→ **Exercise requirements**
Restate all of the entries exactly. Any picture in them should be skipped.

Stored entries:
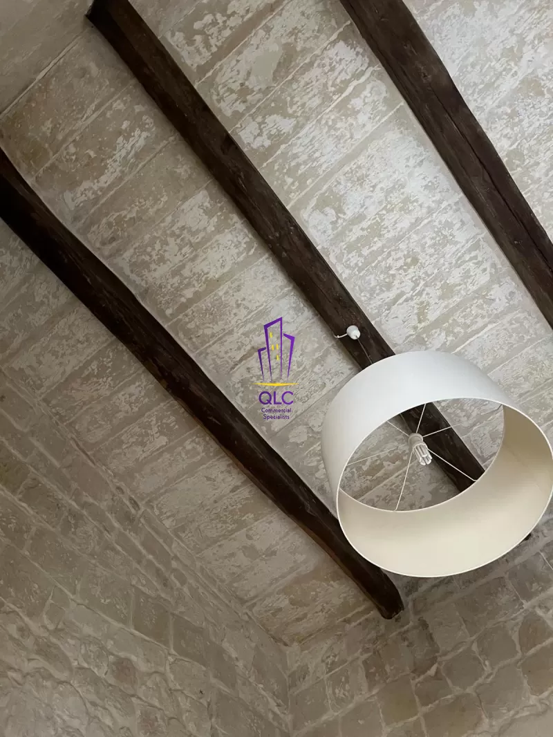 The main house ground floor (circa 175 sqm) features an entrance hall leading to a lateral room and guest WC, a staircase, lobby, and a large central reception room opening onto the central courtyard and the interconnected one-bedroom unit. A kitchen and an independent yet interconnected dining room are also located at this level, providing excellent flow for entertaining or hospitality use.
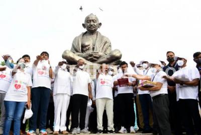 Chief Minister Basavaraj Bommai with Minister Sudhakar, MP PC Mohan and others take part in walkathon on the occasion of World Heart Day , in Bengaluru on Wednesday 29th September 2021
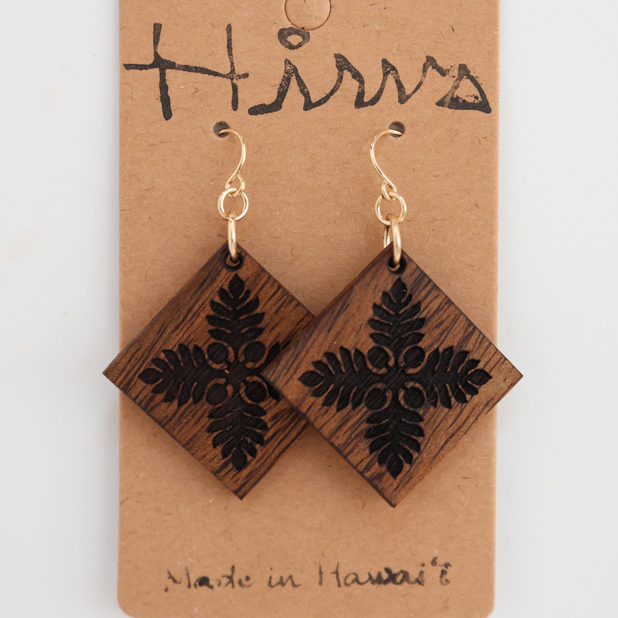 'Ulu Quilt design earrings made with Hawaiian Koa Wood.
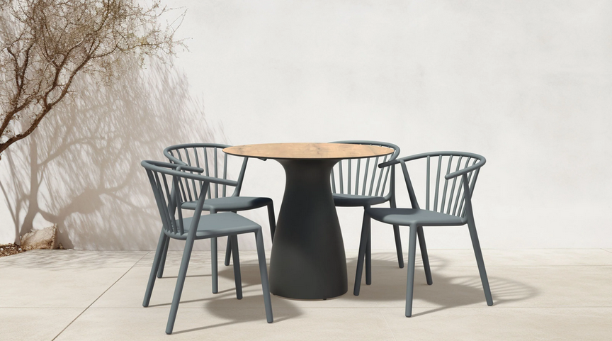 Es gibt auch eine Variante mit geschlossenem Rückern oder mit fixem Sitzpolster: Outdoorstoff Acryl
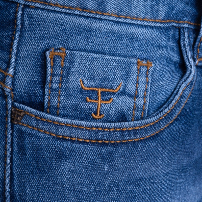 A calça jeans Basic é uma peça de roupa com acabamento classico e básico. Ela é confeccionada em denim de alta qualidade com 85% algodão e 15% elastano. Possui selo sou de algodão movimento que fomenta o uso do algodão nacional e o consumo consciente e selo BCI (Better Cotton Initiative) do melhor algodãco sustentável. Além da qualidade indiscutível a modelagem é a tradicional boot cut onde a parte superior modela o corpo e na barra tem uma modelagem mais ampla. Possui cintura média redondo na parte frontal com rebite personalizado tradicional bolso traseiro com filigrana da marca bordado em caramelo com fechamento em ziper e botão personalizado da marca. A lavagem é clara com acabamento azulado e costuras caramelo
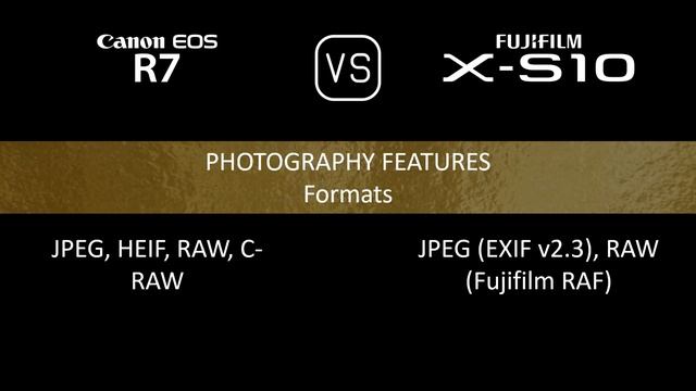 This video overviews the Canon EOS R7 and the Fujifilm X-S10 in a parallel comparison of specifications. Thanks for watching. If you liked this video and found it informative, make sure to subscribe for more. 00:24 LAUNCH 00:32 BODY 00:40 SENSOR 01:05 IMAGE 01:21 OPTICS & FOCUS 01:45 SCREEN 02:02 VIEWFINDER 02:18 PHOTOGRAPHY FEATURES 03:19 VIDEOGRAPHY FEATURES 03:35 STORAGE 03:39 CONNECTIVITY 04:08 PHYSICAL 04:28 MISC
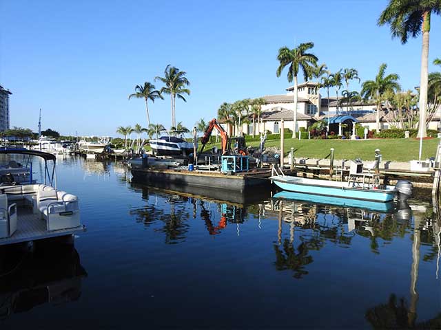 The dock master of Pelican Isle Yacht Club was informed by boat owners that a portion of existing concrete seawall was rotating out of alignment. In addition, there were numerous locations with sinkholes appearing. Deteriorating sections of the seawall are 40+ years old and the tie-back system has failed.
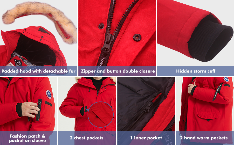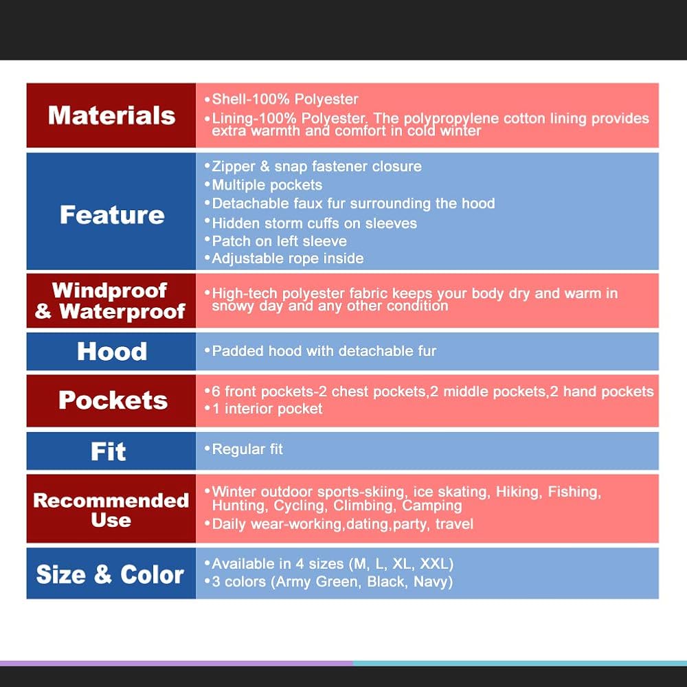معطف باركا كلاسيكي: تم تصميم معطف باركا بمقاس عادي؛ رقعة على الكم الأيسر؛ إغلاق بسحاب وزر؛ جيوب متعددة معزولة (2 جيب على الصدر، 2 جيب يدوي من الصوف، 1 جيب داخلي بسحاب، 2 جيب للقلم على الكم الأيسر)؛ فرو صناعي قابل للفصل؛ أصفاد عاصفة مخفية للحفاظ على الحرارة ومنع تدفق الرياح الباردة. السترة الشتوية مناسبة للعمل والمواعدة. كما أنه مثالي للرياضات الخارجية، مثل التزلج واستكشاف الجبال والمغامرة والمشي لمسافات طويلة وصيد الأسماك والتخييم وما إلى ذلك.
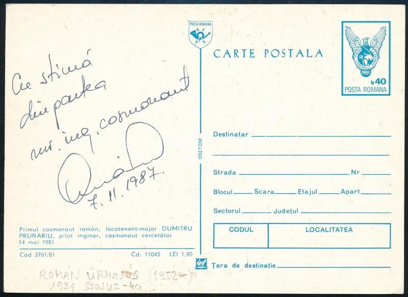 Leírás: Dumitru Prunariu (1952-) román űrhajós aláírása az őt ábrázoló képeslapon
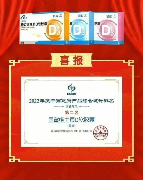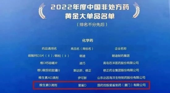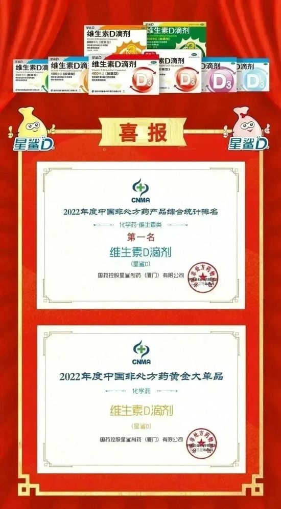 第二届中国OTC大会日前在乌镇举行。作为家喻户晓的维生素D品牌,国药控股星鲨制药(厦门)有限公司(以下简称“国控星鲨”)的明星产品星鲨D®维生素D滴剂在此次大会上斩获“2022年度中国非处方药产品综合统计排名化学药•维生素类”第一名和“2022年度中国非处方药黄金大单品”两项荣誉。同时,星鲨®维生素D胶囊和星鲨®钙软胶囊分别斩获“2022年度中国健康产品综合统计排名保健食品类”第2名和第9名。Bifina晶球益生菌固体饮料夺得“健康食品类”第5名。

→ **Answer space**
 The main house ground floor (circa 175 sqm) features an entrance hall leading to a lateral room and guest WC, a staircase, lobby, and a large central reception room opening onto the central courtyard and the interconnected one-bedroom unit. A kitchen and an independent yet interconnected dining room are also located at this level, providing excellent flow for entertaining or hospitality use.
 Chief Minister Basavaraj Bommai with Minister Sudhakar, MP PC Mohan and others take part in walkathon on the occasion of World Heart Day , in Bengaluru on Wednesday 29th September 2021
 'Ulu Quilt design earrings made with Hawaiian Koa Wood.
 Es gibt auch eine Variante mit geschlossenem Rückern oder mit fixem Sitzpolster: Outdoorstoff Acryl
 A calça jeans Basic é uma peça de roupa com acabamento classico e básico. Ela é confeccionada em denim de alta qualidade com 85% algodão e 15% elastano. Possui selo sou de algodão movimento que fomenta o uso do algodão nacional e o consumo consciente e selo BCI (Better Cotton Initiative) do melhor algodãco sustentável. Além da qualidade indiscutível a modelagem é a tradicional boot cut onde a parte superior modela o corpo e na barra tem uma modelagem mais ampla. Possui cintura média redondo na parte frontal com rebite personalizado tradicional bolso traseiro com filigrana da marca bordado em caramelo com fechamento em ziper e botão personalizado da marca. A lavagem é clara com acabamento azulado e costuras caramelo
 This video overviews the Canon EOS R7 and the Fujifilm X-S10 in a parallel comparison of specifications. Thanks for watching. If you liked this video and found it informative, make sure to subscribe for more. 00:24 LAUNCH 00:32 BODY 00:40 SENSOR 01:05 IMAGE 01:21 OPTICS & FOCUS 01:45 SCREEN 02:02 VIEWFINDER 02:18 PHOTOGRAPHY FEATURES 03:19 VIDEOGRAPHY FEATURES 03:35 STORAGE 03:39 CONNECTIVITY 04:08 PHYSICAL 04:28 MISC
 The dock master of Pelican Isle Yacht Club was informed by boat owners that a portion of existing concrete seawall was rotating out of alignment. In addition, there were numerous locations with sinkholes appearing. Deteriorating sections of the seawall are 40+ years old and the tie-back system has failed.
معطف باركا كلاسيكي: تم تصميم معطف باركا بمقاس عادي؛ رقعة على الكم الأيسر؛ إغلاق بسحاب وزر؛ جيوب متعددة معزولة (2 جيب على الصدر، 2 جيب يدوي من الصوف، 1 جيب داخلي بسحاب، 2 جيب للقلم على الكم الأيسر)؛ فرو صناعي قابل للفصل؛ أصفاد عاصفة مخفية للحفاظ على الحرارة ومنع تدفق الرياح الباردة. السترة الشتوية مناسبة للعمل والمواعدة. كما أنه مثالي للرياضات الخارجية، مثل التزلج واستكشاف الجبال والمغامرة والمشي لمسافات طويلة وصيد الأسماك والتخييم وما إلى ذلك.
 Leírás: Dumitru Prunariu (1952-) román űrhajós aláírása az őt ábrázoló képeslapon
 第二届中国OTC大会日前在乌镇举行。作为家喻户晓的维生素D品牌,国药控股星鲨制药(厦门)有限公司(以下简称“国控星鲨”)的明星产品星鲨D®维生素D滴剂在此次大会上斩获“2022年度中国非处方药产品综合统计排名化学药•维生素类”第一名和“2022年度中国非处方药黄金大单品”两项荣誉。同时,星鲨®维生素D胶囊和星鲨®钙软胶囊分别斩获“2022年度中国健康产品综合统计排名保健食品类”第2名和第9名。Bifina晶球益生菌固体饮料夺得“健康食品类”第5名。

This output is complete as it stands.